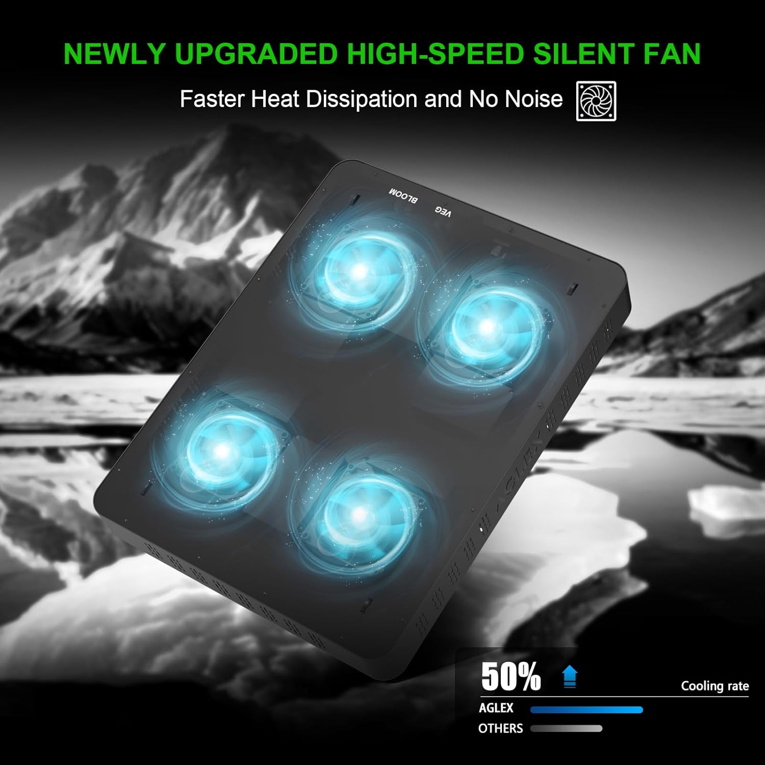AGLEX E4000 LED Grow Light, Full Spectrum Grow Light with UV IR Diode, Grow Light for Indoor Plants with Daisy Chain & Built-In Silent Fan, Plant Growing Lamps for 3x4 FT Coverage, Veg Bloom Daul Mode
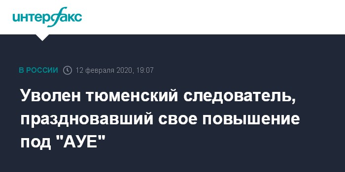 Москва. 12 февраля. INTERFAX.RU - Следователь следственного управления СКР по Тюменской области, который с коллегами отмечал свое повышение под возгласы "АУЕ" и "Жизнь ворам", уволен из органов.
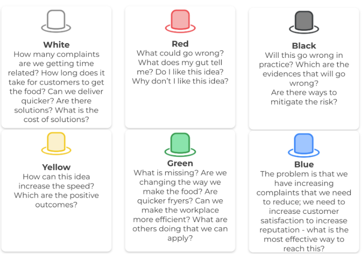 The Six Thinking Hats technique, when done correctly, will help in the process of decision making, providing individuals (or groups) with all they need to make good decisions and solve problems. The method of switching between different ways of thinking can also bring to the table new perspectives, increasing the quality of decisions and coming up with the ultimate best solutions to the business.

**TASK DESCRIPTION:**
With the pictures removed, write the listing out word for word.

**TASK OUTPUT:**
AGLEX E4000 LED Grow Light, Full Spectrum Grow Light with UV IR Diode, Grow Light for Indoor Plants with Daisy Chain & Built-In Silent Fan, Plant Growing Lamps for 3x4 FT Coverage, Veg Bloom Daul Mode
 Москва. 12 февраля. INTERFAX.RU - Следователь следственного управления СКР по Тюменской области, который с коллегами отмечал свое повышение под возгласы "АУЕ" и "Жизнь ворам", уволен из органов.
 The Six Thinking Hats technique, when done correctly, will help in the process of decision making, providing individuals (or groups) with all they need to make good decisions and solve problems. The method of switching between different ways of thinking can also bring to the table new perspectives, increasing the quality of decisions and coming up with the ultimate best solutions to the business.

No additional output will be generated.